Мария засмеялась или заплакала, точно не припомню. Сара обняла ее, и несколько секунд они сидели молча, почти не дыша.
— Нет, не влюбляйся. Не хочу, чтобы ты любила кого-нибудь, кроме меня. Я хочу, чтобы ты принадлежала только мне.
К несчастью для Сары, вернее, для обеих девушек и к их общему удивлению, Мария не вняла совету, наиболее сердечному из всех, что она когда-либо получала. Нельзя сказать, что она тут же взяла и влюбилась, но попыталась это сделать. Парня звали Найджел. Он был другом Ронни.

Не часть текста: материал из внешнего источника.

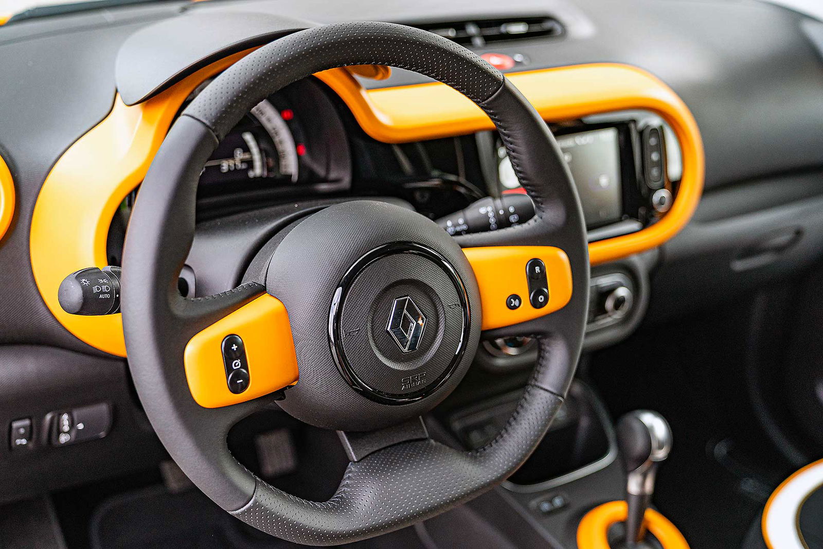 L’abitacolo, che si conferma soddisfacente per scelta dei materiali e grado di finitura, ha un look vivace e sbarazzino grazie a estesi inserti colorati, ora proposti anche nelle inedite tinte Giallo Mango e Bianco Quarzo: le medesime che vanno ad arricchire la scelta di colorazioni della carrozzeria. Non male la disponibilità di portaoggetti, fra i quali il piccolo vano davanti al cambio che offre una coppia di prese Usb. Nonostante sia lunga appena 361 cm (uno più di prima, imputabile al nuovo disegno dei paraurti), la Renault Twingo fa viaggiare comodi anche dietro: i due occupanti del divano (i posti omologati sono quattro in totale) godono di sufficiente agio per le gambe e non sfiorano il soffitto con la testa; peccato solo per i finestrini posteriori con apertura a compasso anziché di tipo discendente.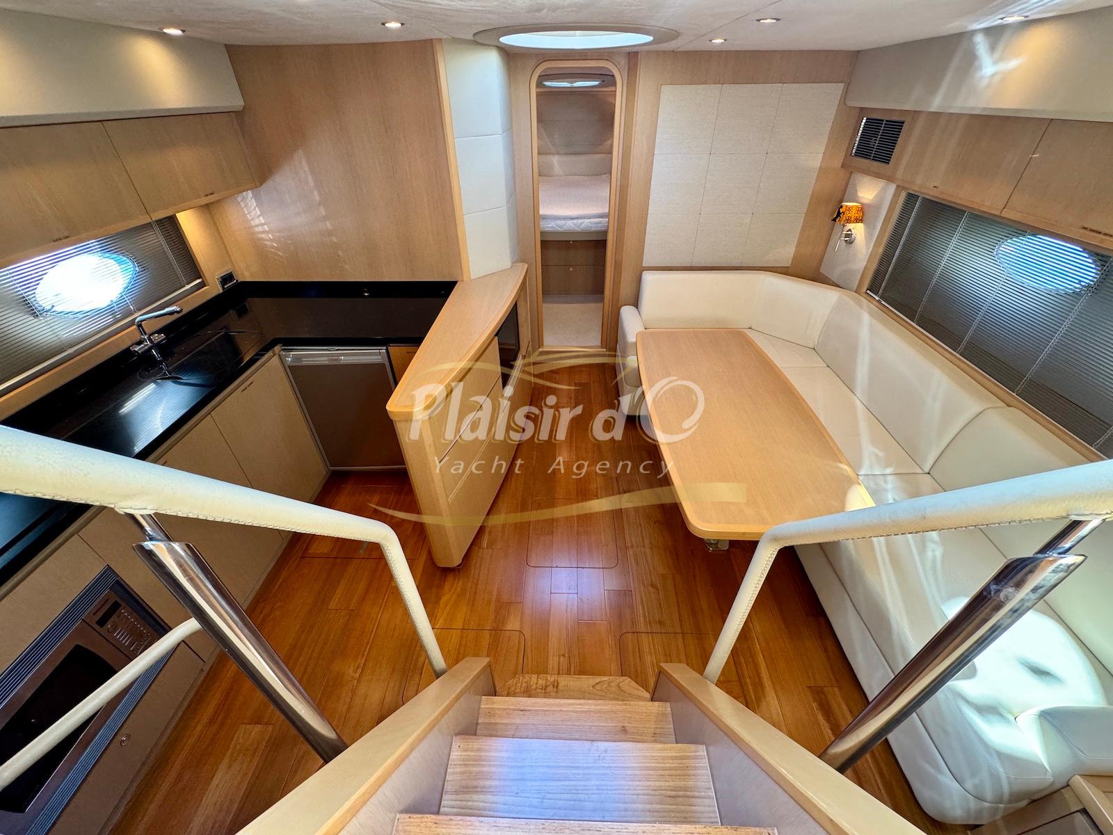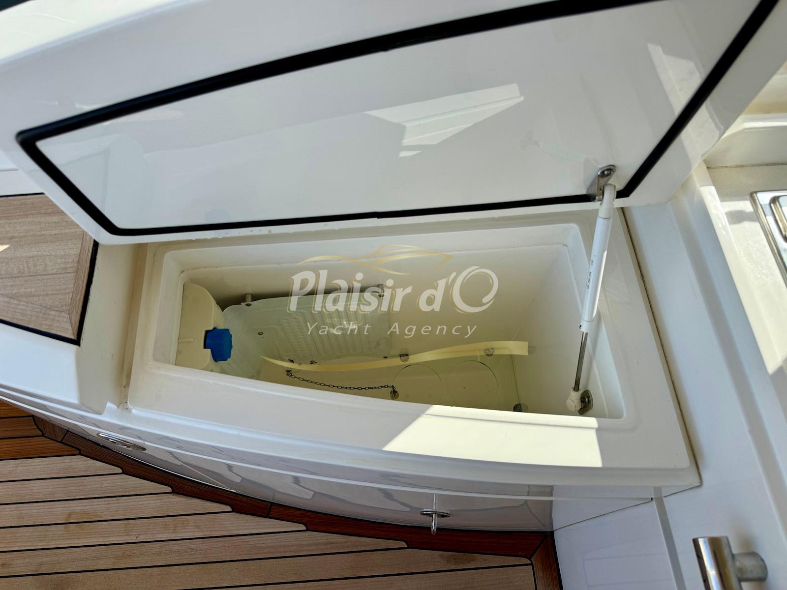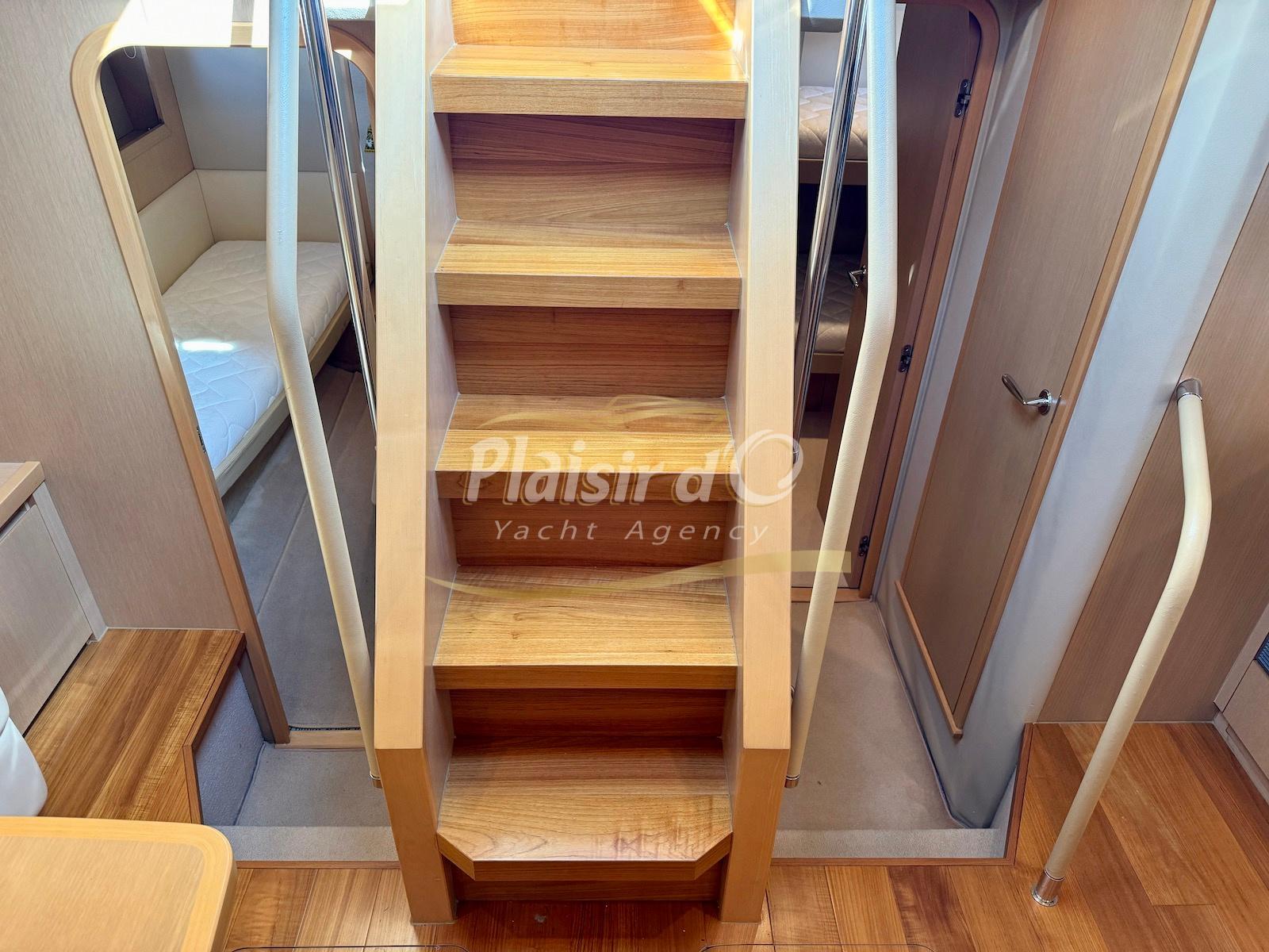 TOUTES OPTIONS : Grosse motorisation D12-800, Yacht controller, propulseur de poupe / proue, GPS traceur/radar, guindeau électrique, générateur, convertisseur, feux sous marin, icemaker, climatisation, passerelle hydraulique, garage à annexe avec treuil Electrique, sellerie complete NEUVE, parquet intérieur sur mesure NEUF...

Приблизительно об эту пору Ронни завел привычку делать Марии предложение, и, следовательно, приблизительно тогда же она завела привычку ему отказывать. Предложения Ронни никогда не обставлялись особым образом — и на том спасибо, они просто возникали по ходу беседы. То есть Ронни не падал на колени, ибо обладал обостренным чувством собственного достоинства, а руку и сердце всегда предлагал в общественных местах, поскольку в гости Мария к нему не заглядывала и всегда находила отговорку, чтобы не пригласить к себе. Однако намерения у него, похоже, были серьезными, а уж Мария точно была серьезна, когда отказывала ему. Но я люблю тебя, настаивал он. Но я не люблю тебя, отвечала она. Ну и пусть, говорил он, любовь не самое главное, уважение, вот что важно. Но я не уважаю тебя, отвечала она. На уважении свет клином не сошелся, говорил он, главное, что нам хорошо вместе. Но мне не хорошо с тобой, отвечала она. Надо отдать ей должное, Мария крепко стояла на своем. Впрочем, она всего лишь говорила правду, ей на самом деле не было хорошо с Ронни, отнюдь, особенно когда он наклонялся к ней и она отчетливо видела прыщи и угри или когда он клал руку на спинку скамьи, на которой они оба сидели, — и она вдыхала запах его потной подмышки. А ведь Ронни был не из худших, далеко нет.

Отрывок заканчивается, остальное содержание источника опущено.